Formato: Online Artículo Texto
Lenguaje:English
Publicado: Springer-Verlag 2013
Materias:
Article
Acceso en línea:https://www.ncbi.nlm.nih.gov/pmc/articles/PMC3671108/
https://www.ncbi.nlm.nih.gov/pubmed/23595248
http://dx.doi.org/10.1007/s00125-013-2901-5
Descripción
Sumario:AIMS/HYPOTHESIS: We analysed the genomic organisation of miR-153, a microRNA embedded in genes that encode two of the major type 1 diabetes autoantigens, islet-associated protein (IA)-2 and IA-2β. We also identified miR-153 target genes that correlated with IA-2β localisation and function. METHODS: A bioinformatics approach was used to identify miR-153’s genomic organisation. To analyse the co-regulation of miR-153 and IA-2β, quantitative PCR analysis of miR-153 and Ia-2β (also known as Ptprn2) was performed after a glucose stimulation assay in MIN6B cells and isolated murine pancreatic islets, and also in wild-type Ia-2 (also known as Ptprn), Ia-2β single knockout and Ia-2/Ia-2β double knockout mouse brain and pancreatic islets. Bioinformatics identification of miR-153 target genes and validation via luciferase reporter assays, western blotting and quantitative PCR were also carried out. RESULTS: Two copies of miR-153, miR-153-1 and miR-153-2, are localised in intron 19 of Ia-2 and Ia-2β, respectively. In rodents, only miR-153-2 is conserved.
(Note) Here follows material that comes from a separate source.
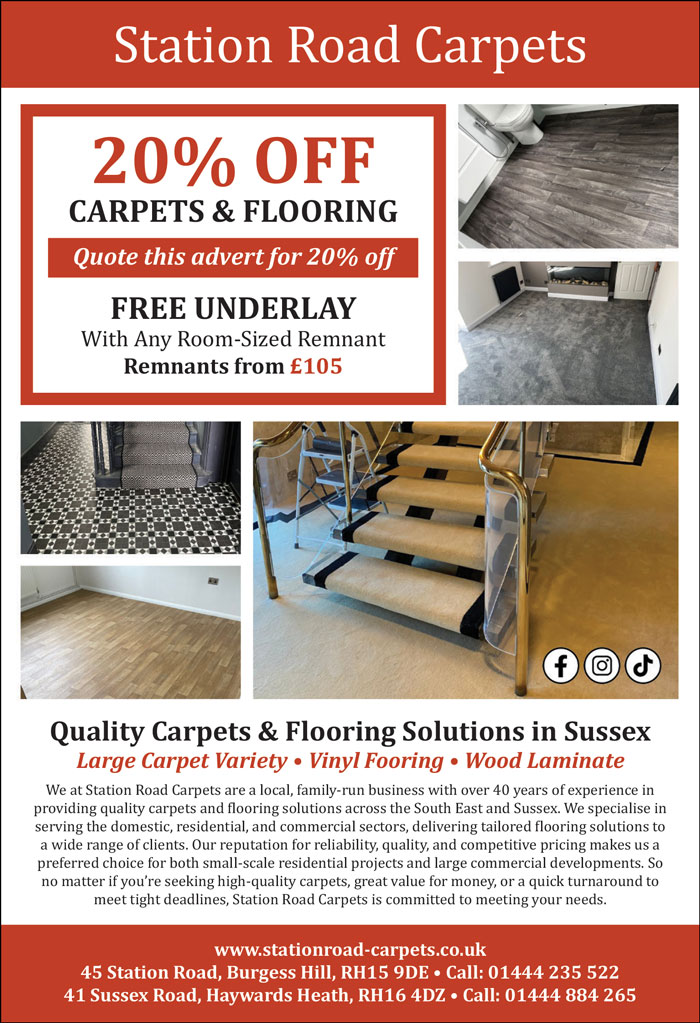 ADDRESS & CONTACT Address 45 Station Road, Burgess Hill, West Sussex, RH15 9DE Telephone 01444 235 522 Email burgesshill@stationroad-carpets.co.uk Web https://www.stationroad-carpets.co.uk Social Media Facebook Twitter / X Instagram Linkedin YouTube TikTok Pinterest IMAGE GALLERY OPENING TIMES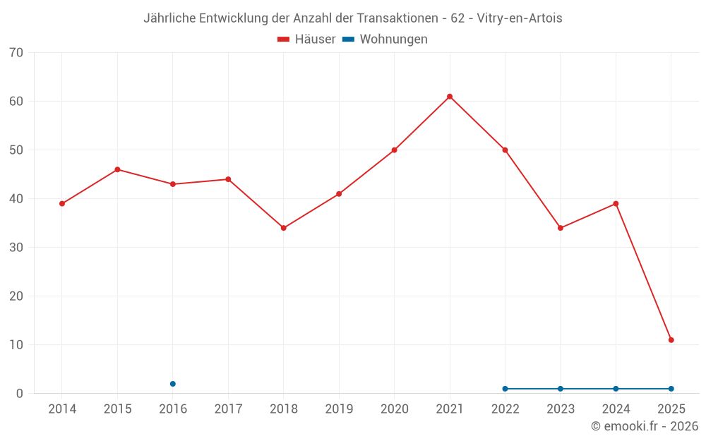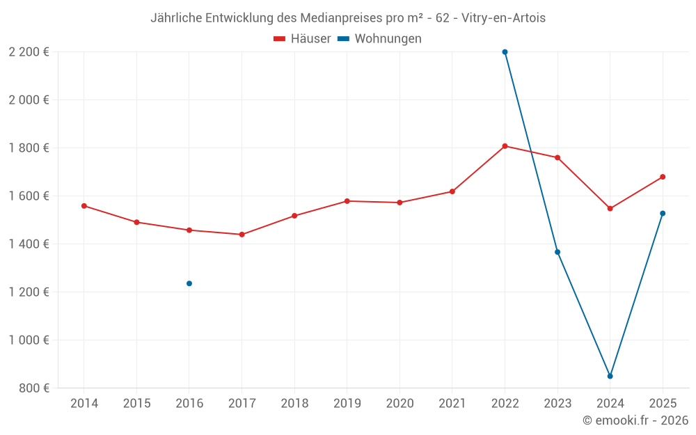Der Durchschnittspreis auf den 32 Hausgeschäften der letzten 12 Monate in der Gemeinde Vitry-en-Artois betrug 1 704 € pro Quadratmeter für einen mittleren Immobilienwert von 151 250 €. Über diesen Zeitraum hinweg lagen 60% der Transaktionen zwischen 969 und 2 116 € pro Quadratmeter (vom 2. bis zum 8. Dezil).

We demonstrated that expression of miR-153-2 and Ia-2β in rodents is partially co-regulated as demonstrated by a strong reduction of miR-153 expression levels in Ia-2β knockout and Ia-2/Ia-2β double knockout mice. miR-153 levels were unaffected in Ia-2 knockout mice. In addition, glucose stimulation, which increases Ia-2 and Ia-2β expression, also significantly increased expression of miR-153. Several predicted targets of miR-153 were reduced after glucose stimulation in vitro, correlating with the increase in miR-153 levels. CONCLUSIONS/INTERPRETATION: This study suggests the involvement of miR-153, IA-2β and miR-153 target genes in a regulatory network, which is potentially relevant to insulin and neurotransmitter release. ELECTRONIC SUPPLEMENTARY MATERIAL: The online version of this article (doi:10.1007/s00125-013-2901-5) contains peer-reviewed but unedited supplementary material, which is available to authorised users.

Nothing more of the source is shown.